Member of the National Assembly of Pakistan
- In office 1 June 2013 – 31 May 2018
- Constituency: Reserved seat for minorities

Personal details
- Party: PMLN (2013-present)

= Isphanyar M. Bhandara =

Pakistani politician

Isphanyar M. Bhandara (born 18 November 1972) is a Pakistani politician who is an incumbent member of the National Assembly of Pakistan since February 2024. He is serving as Federal parliamentary secretary for Ministry of SAFON. He is the current CEO of Murree Brewery.

== Family ==
Isphanyar M. Bandhara is the son of late Minocher Bhandara, and grandson of late Peshotan Bhandara. He belongs to the Parsi community of Pakistan. He was born in Karachi.
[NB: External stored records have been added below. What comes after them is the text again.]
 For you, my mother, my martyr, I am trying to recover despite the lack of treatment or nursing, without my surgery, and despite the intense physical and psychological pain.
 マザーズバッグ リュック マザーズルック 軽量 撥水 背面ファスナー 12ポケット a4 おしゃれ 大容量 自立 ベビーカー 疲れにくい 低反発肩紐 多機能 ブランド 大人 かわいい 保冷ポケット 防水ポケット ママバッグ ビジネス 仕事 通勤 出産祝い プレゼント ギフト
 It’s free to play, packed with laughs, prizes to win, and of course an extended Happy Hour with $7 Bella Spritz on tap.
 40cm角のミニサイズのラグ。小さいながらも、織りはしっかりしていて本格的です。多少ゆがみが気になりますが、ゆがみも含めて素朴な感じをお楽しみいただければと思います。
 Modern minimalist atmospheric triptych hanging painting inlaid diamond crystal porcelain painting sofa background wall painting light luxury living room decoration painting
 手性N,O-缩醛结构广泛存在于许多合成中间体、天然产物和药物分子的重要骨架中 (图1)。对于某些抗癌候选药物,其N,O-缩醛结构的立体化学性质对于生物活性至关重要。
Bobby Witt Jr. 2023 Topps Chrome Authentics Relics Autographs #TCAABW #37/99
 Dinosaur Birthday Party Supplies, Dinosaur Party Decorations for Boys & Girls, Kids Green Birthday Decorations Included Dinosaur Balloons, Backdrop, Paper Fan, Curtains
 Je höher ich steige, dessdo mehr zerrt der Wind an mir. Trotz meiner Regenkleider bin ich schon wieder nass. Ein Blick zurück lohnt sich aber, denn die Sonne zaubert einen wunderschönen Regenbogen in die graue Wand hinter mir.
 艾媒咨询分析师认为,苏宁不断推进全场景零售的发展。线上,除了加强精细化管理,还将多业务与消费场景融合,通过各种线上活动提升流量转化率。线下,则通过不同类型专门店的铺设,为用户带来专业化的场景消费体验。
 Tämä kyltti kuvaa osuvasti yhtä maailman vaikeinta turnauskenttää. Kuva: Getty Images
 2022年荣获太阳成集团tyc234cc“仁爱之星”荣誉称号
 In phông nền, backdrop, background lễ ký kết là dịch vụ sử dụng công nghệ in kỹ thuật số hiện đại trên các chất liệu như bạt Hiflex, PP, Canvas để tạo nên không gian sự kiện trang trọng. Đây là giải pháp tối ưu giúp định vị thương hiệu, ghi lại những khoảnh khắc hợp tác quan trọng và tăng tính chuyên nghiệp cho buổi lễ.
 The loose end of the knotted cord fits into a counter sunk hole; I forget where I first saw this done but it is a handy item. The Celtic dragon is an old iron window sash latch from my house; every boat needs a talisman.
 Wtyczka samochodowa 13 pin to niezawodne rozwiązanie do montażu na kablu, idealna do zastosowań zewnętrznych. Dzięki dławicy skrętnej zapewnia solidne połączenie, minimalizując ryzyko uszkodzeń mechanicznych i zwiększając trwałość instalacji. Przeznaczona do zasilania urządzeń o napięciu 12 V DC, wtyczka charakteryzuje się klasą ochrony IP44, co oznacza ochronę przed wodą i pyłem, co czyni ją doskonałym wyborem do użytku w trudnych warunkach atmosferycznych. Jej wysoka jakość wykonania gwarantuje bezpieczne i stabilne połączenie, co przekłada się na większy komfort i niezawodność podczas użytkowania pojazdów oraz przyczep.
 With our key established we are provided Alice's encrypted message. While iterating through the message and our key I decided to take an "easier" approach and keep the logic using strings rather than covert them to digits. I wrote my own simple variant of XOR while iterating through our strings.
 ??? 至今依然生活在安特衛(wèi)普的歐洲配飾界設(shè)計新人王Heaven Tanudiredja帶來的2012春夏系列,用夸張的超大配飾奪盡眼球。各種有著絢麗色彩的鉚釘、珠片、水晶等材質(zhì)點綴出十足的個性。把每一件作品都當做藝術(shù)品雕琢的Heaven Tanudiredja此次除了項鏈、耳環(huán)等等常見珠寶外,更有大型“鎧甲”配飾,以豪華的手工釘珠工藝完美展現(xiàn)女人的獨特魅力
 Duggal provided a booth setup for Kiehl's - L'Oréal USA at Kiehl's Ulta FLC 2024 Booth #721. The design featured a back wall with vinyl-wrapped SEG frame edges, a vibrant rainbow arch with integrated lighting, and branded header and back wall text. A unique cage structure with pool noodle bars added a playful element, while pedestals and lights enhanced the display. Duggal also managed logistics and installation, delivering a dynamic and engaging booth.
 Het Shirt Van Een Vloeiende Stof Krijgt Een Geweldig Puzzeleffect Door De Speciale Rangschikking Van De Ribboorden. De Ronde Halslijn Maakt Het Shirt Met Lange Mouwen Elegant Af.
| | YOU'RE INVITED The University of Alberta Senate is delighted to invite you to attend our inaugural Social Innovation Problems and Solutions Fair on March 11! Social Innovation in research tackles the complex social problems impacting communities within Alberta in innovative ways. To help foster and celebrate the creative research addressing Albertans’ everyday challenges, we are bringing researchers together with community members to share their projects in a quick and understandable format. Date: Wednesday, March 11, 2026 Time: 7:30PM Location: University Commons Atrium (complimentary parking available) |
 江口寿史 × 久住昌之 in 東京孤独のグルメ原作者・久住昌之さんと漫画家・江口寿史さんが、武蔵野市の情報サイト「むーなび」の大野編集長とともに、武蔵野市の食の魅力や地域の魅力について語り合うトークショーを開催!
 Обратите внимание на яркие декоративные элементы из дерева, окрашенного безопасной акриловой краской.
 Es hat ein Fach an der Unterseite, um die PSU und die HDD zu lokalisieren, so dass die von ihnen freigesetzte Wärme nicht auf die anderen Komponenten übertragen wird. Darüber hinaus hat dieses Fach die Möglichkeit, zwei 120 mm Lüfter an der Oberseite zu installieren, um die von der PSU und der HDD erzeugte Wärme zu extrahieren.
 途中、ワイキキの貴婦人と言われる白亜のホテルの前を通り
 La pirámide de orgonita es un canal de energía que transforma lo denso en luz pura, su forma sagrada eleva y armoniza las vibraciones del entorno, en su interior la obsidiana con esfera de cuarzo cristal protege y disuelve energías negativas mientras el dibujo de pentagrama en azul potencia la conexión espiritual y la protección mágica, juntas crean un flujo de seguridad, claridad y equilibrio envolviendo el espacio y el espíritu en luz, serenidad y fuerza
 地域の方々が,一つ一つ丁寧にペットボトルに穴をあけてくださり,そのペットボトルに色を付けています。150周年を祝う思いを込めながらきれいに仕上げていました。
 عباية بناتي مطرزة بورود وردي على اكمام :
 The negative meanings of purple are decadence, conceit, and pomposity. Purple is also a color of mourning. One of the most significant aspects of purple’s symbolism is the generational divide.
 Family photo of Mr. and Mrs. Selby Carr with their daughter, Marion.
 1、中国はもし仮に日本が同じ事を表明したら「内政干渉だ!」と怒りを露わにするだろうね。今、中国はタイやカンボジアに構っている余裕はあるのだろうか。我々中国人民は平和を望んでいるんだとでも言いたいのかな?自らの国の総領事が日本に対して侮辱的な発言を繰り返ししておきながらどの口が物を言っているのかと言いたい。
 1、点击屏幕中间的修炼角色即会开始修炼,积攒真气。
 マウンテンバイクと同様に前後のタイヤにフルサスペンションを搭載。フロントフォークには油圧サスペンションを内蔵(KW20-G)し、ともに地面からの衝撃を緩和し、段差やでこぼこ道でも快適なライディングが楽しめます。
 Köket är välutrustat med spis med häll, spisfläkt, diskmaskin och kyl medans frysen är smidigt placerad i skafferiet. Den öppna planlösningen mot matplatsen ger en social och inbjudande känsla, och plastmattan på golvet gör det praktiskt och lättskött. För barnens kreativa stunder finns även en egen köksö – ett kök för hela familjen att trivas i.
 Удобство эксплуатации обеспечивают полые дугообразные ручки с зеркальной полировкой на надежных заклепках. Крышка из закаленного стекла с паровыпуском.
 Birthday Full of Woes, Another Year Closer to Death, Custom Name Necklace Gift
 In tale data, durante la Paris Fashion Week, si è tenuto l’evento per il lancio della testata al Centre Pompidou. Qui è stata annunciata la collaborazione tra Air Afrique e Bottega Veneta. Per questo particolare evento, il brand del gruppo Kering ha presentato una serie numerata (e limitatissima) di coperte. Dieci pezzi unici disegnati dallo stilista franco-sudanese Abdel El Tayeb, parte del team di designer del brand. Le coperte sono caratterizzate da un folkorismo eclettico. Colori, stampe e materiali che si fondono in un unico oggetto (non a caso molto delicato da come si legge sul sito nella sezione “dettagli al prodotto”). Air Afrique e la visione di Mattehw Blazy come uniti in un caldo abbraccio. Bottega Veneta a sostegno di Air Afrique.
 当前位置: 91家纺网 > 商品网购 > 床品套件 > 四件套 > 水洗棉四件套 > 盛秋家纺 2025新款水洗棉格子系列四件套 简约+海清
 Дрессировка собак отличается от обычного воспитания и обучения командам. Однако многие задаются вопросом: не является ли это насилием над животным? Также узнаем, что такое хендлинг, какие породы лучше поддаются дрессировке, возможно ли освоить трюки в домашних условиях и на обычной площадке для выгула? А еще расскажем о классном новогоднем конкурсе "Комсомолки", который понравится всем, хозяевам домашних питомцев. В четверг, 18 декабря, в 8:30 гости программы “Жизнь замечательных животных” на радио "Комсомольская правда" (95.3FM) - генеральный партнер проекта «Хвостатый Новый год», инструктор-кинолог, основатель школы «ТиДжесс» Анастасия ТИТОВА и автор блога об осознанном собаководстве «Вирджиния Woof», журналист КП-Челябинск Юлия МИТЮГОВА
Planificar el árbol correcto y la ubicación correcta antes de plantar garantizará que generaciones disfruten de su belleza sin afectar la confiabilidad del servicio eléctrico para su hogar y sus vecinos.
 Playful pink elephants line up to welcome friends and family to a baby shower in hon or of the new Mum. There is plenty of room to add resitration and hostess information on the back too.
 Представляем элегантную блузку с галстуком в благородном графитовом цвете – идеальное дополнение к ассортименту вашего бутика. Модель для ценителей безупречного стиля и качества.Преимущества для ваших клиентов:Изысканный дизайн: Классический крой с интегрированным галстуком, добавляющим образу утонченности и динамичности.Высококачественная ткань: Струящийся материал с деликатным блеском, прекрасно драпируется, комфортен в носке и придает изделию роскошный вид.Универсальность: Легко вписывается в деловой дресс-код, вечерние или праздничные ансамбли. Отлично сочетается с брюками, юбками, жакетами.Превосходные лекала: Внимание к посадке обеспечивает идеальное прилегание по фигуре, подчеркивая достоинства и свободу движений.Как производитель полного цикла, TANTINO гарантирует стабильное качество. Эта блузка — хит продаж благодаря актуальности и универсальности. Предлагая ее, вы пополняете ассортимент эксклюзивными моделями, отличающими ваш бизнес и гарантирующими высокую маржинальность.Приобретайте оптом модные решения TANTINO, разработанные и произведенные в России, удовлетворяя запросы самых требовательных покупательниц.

He got his MBA Administration Degree from USA.

==Political career==

Previously, he was a member of the National Assembly of Pakistan from June 2013 to May 2018. He was also a member of the Manifesto Committee Pakistan Muslim League-N as an expert on minorities rights in Pakistan. He was elected to the National Assembly of Pakistan as a candidate of Pakistan Muslim League (N) on a seat reserved for minorities in the 2013 Pakistani general election. He was a member of the Manifesto Commission of Pakistan Muslim League (N) for Minorities.

== Business career ==
Bhandara is the chief executive officer of Murree Brewery.